TASK STATEMENT – Pictures must not appear in the copy. Restate exactly the lines below from the one with "9月24日,在赛艇女子轻量级双人双桨决赛中,杭州姑娘邹佳琪(右)与搭档邱秀萍斩获本届亚运会首金。潮新闻记者 董旭明 摄" through the one with "Share Facebook Twitter", inclusive.

GIVEN DATA –
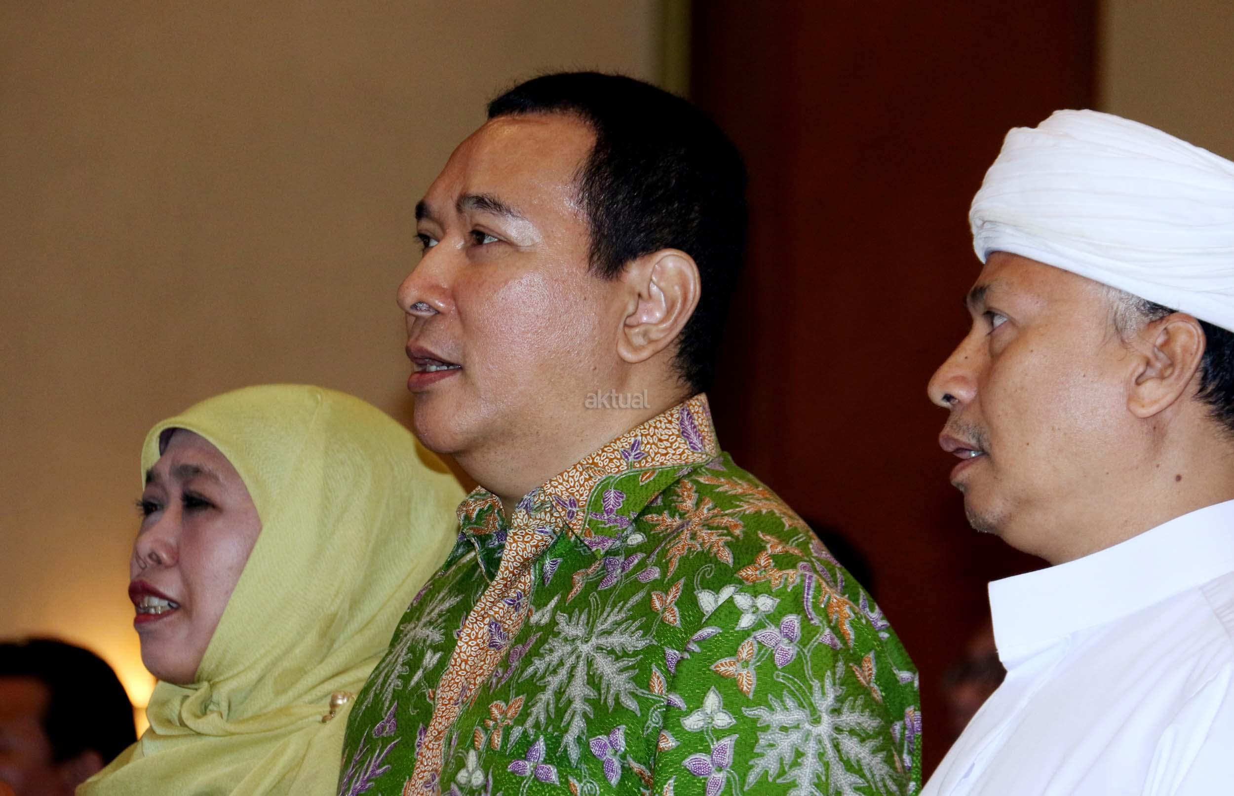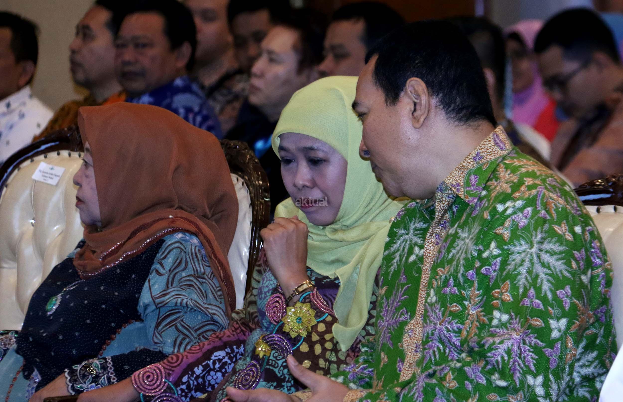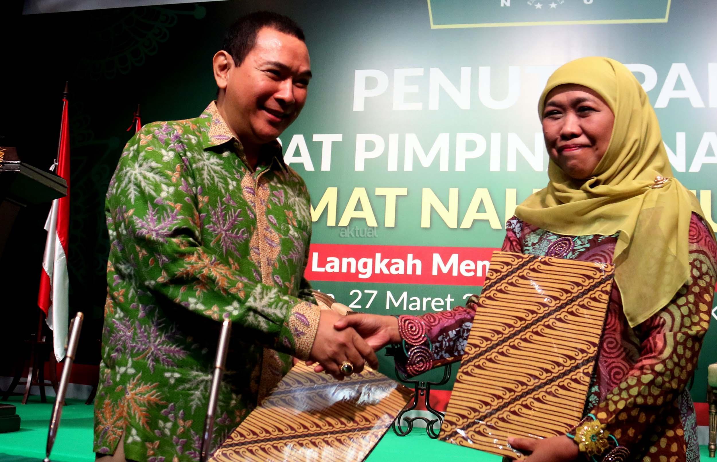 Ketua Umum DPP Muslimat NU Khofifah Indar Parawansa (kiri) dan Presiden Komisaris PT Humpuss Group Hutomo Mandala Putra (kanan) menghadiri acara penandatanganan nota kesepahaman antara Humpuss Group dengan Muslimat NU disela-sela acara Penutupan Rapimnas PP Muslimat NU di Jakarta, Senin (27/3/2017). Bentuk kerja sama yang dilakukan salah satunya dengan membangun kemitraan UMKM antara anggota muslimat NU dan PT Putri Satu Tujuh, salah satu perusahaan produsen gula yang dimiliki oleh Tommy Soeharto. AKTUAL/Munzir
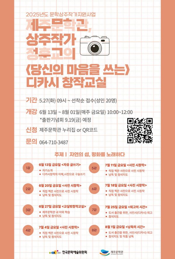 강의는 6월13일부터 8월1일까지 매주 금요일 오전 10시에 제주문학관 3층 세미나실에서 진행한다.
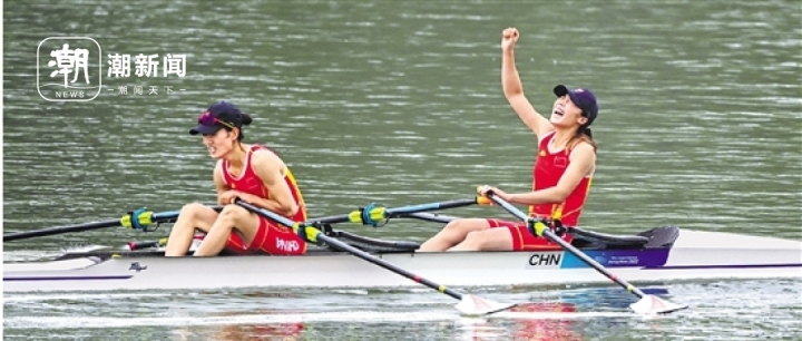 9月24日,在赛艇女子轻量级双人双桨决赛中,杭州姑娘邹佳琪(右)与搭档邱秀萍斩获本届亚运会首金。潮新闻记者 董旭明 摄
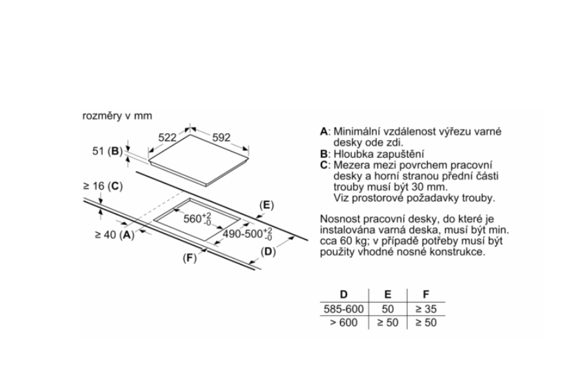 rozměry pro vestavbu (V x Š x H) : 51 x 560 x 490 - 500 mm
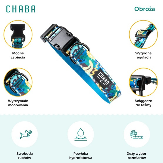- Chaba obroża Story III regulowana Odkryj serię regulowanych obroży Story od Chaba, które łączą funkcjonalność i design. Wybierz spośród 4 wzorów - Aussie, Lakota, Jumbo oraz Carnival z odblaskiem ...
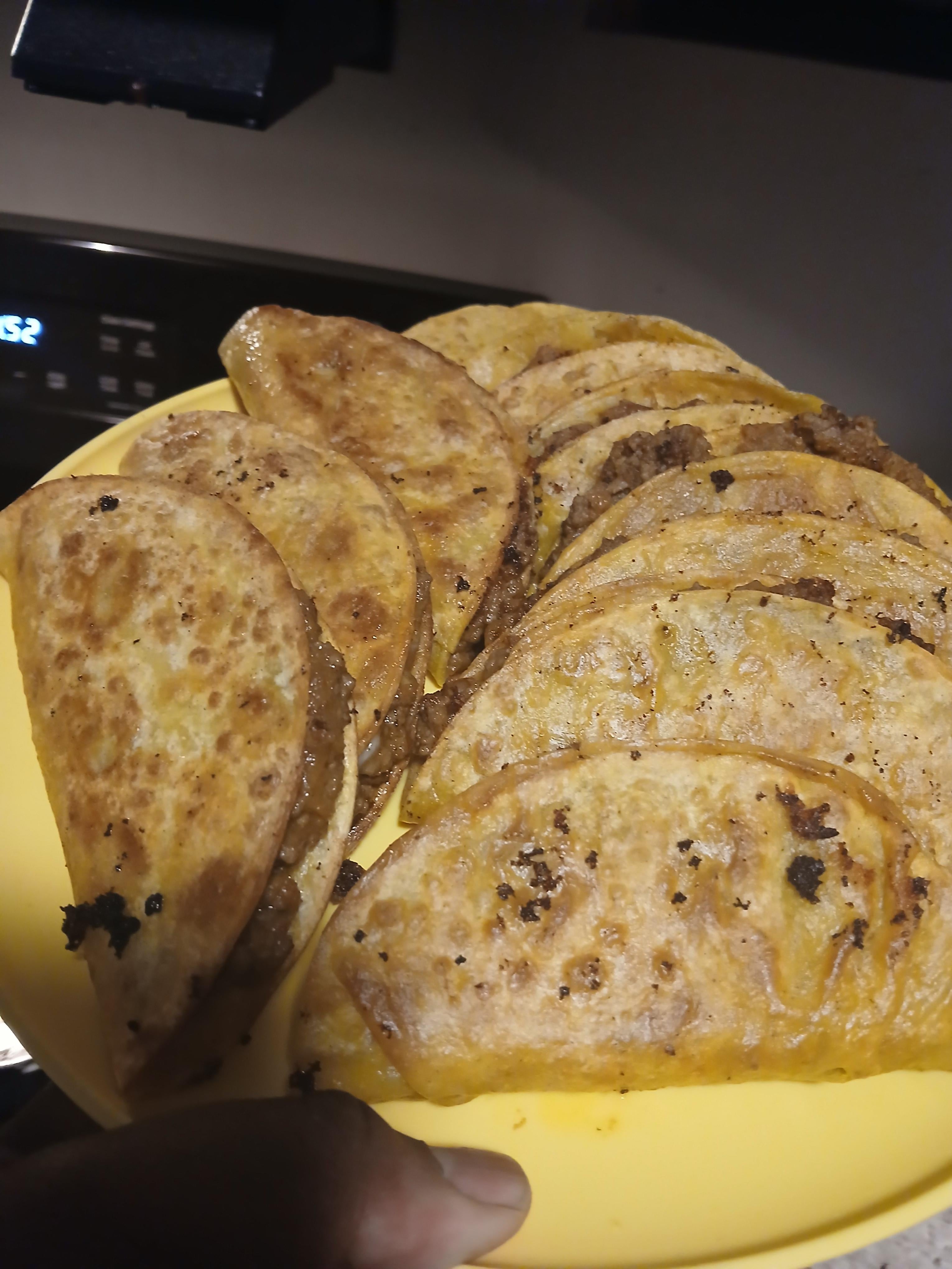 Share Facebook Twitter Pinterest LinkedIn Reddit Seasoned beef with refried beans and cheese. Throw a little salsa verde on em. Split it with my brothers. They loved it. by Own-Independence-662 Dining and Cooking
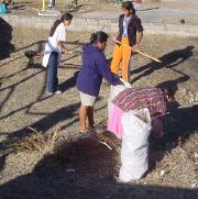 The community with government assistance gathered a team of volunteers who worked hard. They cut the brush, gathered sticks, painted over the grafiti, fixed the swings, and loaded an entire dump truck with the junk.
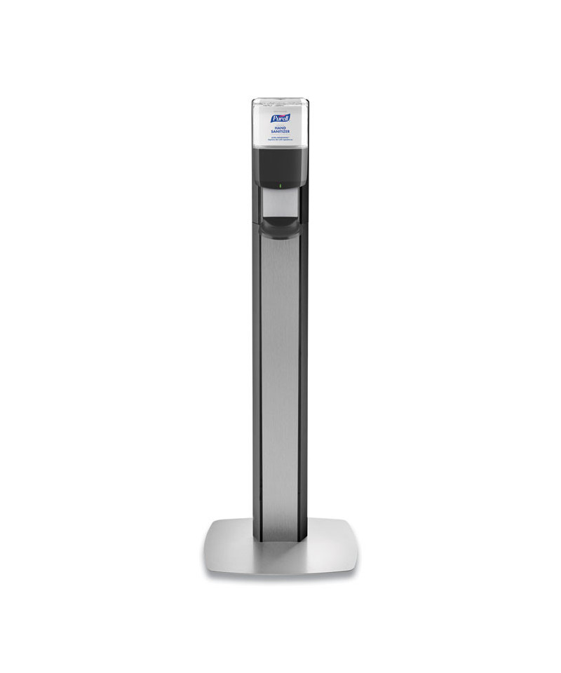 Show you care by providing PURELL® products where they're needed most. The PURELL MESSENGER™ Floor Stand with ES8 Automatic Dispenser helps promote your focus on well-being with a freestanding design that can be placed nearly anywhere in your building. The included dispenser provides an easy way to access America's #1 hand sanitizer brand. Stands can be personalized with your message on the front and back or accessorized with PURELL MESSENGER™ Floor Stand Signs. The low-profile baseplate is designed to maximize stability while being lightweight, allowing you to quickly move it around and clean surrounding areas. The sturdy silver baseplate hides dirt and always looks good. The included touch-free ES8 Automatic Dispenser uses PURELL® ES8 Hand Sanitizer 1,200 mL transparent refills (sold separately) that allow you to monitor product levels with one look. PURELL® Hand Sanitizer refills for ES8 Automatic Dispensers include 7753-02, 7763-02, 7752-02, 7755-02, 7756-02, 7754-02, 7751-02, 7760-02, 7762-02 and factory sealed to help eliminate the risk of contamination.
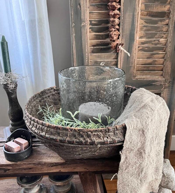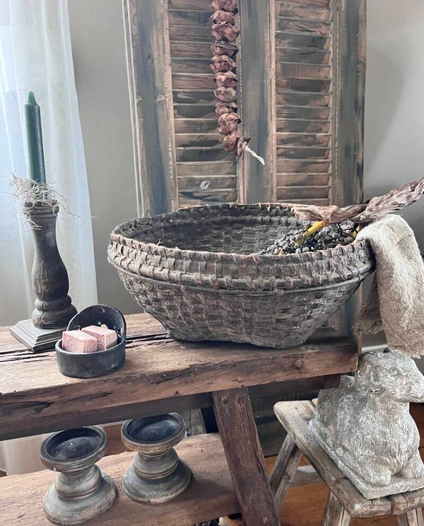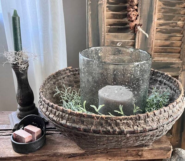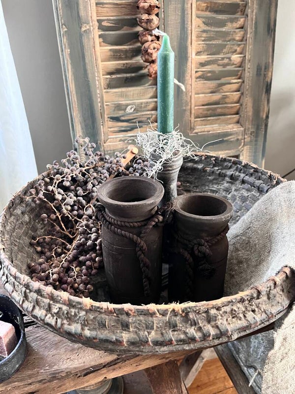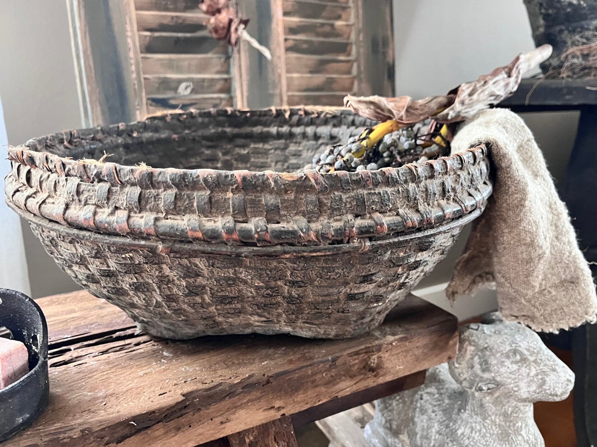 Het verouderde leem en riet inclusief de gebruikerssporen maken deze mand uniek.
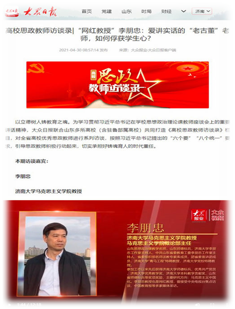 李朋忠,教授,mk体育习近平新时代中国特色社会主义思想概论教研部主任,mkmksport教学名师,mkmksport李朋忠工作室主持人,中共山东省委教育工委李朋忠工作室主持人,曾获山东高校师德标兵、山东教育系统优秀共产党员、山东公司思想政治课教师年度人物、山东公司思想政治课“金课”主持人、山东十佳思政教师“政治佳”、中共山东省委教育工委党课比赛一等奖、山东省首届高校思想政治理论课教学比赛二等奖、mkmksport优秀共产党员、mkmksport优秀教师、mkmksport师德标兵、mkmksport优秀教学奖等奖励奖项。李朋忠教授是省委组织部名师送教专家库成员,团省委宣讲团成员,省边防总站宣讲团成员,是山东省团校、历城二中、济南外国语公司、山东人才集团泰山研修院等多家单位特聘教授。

TASK ANSWER –
 9月24日,在赛艇女子轻量级双人双桨决赛中,杭州姑娘邹佳琪(右)与搭档邱秀萍斩获本届亚运会首金。潮新闻记者 董旭明 摄
 rozměry pro vestavbu (V x Š x H) : 51 x 560 x 490 - 500 mm
- Chaba obroża Story III regulowana Odkryj serię regulowanych obroży Story od Chaba, które łączą funkcjonalność i design. Wybierz spośród 4 wzorów - Aussie, Lakota, Jumbo oraz Carnival z odblaskiem ...
 Share Facebook Twitter Pinterest LinkedIn Reddit Seasoned beef with refried beans and cheese. Throw a little salsa verde on em. Split it with my brothers. They loved it. by Own-Independence-662 Dining and Cooking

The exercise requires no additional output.